= Neratia gens =

Ancient Roman family

The gens Neratia or Naeratia was a plebeian family at ancient Rome, some of whom subsequently became patricians. The first of the gens to appear in history occur in the time of Augustus, but they did not rise to prominence until the time of Vespasian, when Marcus Neratius Pansa became the first to obtain the consulship.
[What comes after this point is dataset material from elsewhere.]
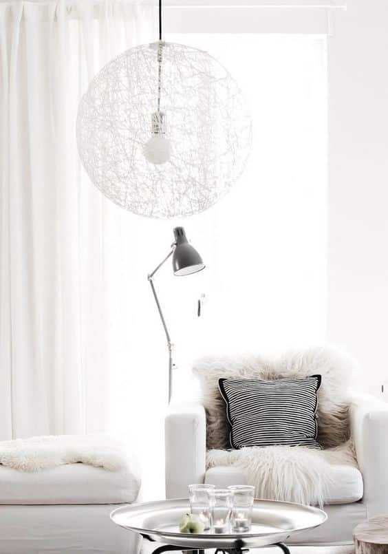Богатый серый цвет добавляет в интерьер глубины и уюта, в нем выполнен пуф-подставка для ног, установленный между диванами, имеющими белую обивку, добавляющую массивной мебели некоей «невесомости».

The Neratii married into the Roman imperial family in the fourth century.

==Origin==
The nomen Neratius is classified by Chase with a group of names, ending in -atius, either because they were derived from cognomina ending in -as or -atis, indicating cognomina derived from place names, or from passive participles ending in -atus.

==Members==

===Neratii Pansae et Prisci===
- Marcus Hirrius Fronto Neratius Pansa, probably the adoptive father of Marcellus, was consul suffectus about AD 75. He had been governor of Lycia, and was probably made a patrician in 73 or 74; he passed this status to Marcellus.
- Lucius Neratius Priscus, probably the father of the jurist Priscus, and the natural father of Marcellus, was consul suffectus in AD 87.
- (Marcus Hirrius) Lucius Neratius M. f. Marcellus, consul suffectus in AD 95, and afterward governor of Britain, was an influential man in the court of Trajan. He was consul ordinarius in 129.
- Lucius Neratius L. f. Priscus, a jurist who flourished during the reigns of Trajan and Hadrian. He wrote several books on the law, from which a number of excerpts are found in the Digest. He was consul suffectus in AD 97. Trajan is said to have considered him a possible successor.
- Lucius Corellius L. f. M. n. Neratius Pansa, consul in AD 122, was the son of Marcellus and his first wife, Corellia Hispulla.
- Lucius Neratius L. f. L. n. Priscus, son of the jurist Priscus, was consul suffectus in an uncertain year.
- Neratia L. f. L. n. Marullina, daughter of the jurist Priscus, married Gaius Fufidius Atticus, and was the mother of Gaius Neratius Fufidius Annianus, Atticus, and Priscus.
- Gaius Neratius Fufidius C. f. Annianus.
- Gaius Neratius Fufidius C. f. Atticus.
- Gaius Neratius Fufidius C. f. Priscus.
- Neratia L. f. L. n. Anteia Rufina Naevia Deciana, granddaughter of the jurist Priscus. A monument in her name, dating from the middle portion of the second century, was decreed by the decurions of Saepinum in Samnium.

===Neratii Proculi===
- Lucius Neratius C. f. C. n. Proculus, (Note: His nephew's name features an unusual four-generation filiation, telling us that Proculus' great-grandfather was also named Gaius.) a Roman senator in the time of Antoninus Pius. He had a distinguished military career, and was consul suffectus, but the year is uncertain.
- Neratia C. f. C. n. Procilla, married Gaius Betitius Pietas, and was the mother of Gaius Neratius Proculus Betitius Pius Maximillianus.
- Gaius Neratius Proculus Betitius C. f. C. n. Pius Maximillianus.

===Others===
- Neratia, the wife of Marcus Antistius Labeo, a jurist in the time of Augustus.
- Quintus Neratius Proxsimus, a colonist at Lindum Colonia in Britain. His rare nomen suggests that he may have received Roman citizenship from Lucius Neratius Marcellus, the governor of Britain at the end of the first century.
- Neratia Aemiliana.
- Neratius Gallus.
- Neratius Scopius.
- Neratius Cerealis, urban prefect of Rome in 352–353 AD and consul in 358.
- (Neratia) Galla, sister of Cerealis, and wife of Julius Constantius, brother of the emperor Constantine, whom she predeceased. She was the mother of Constantius Gallus.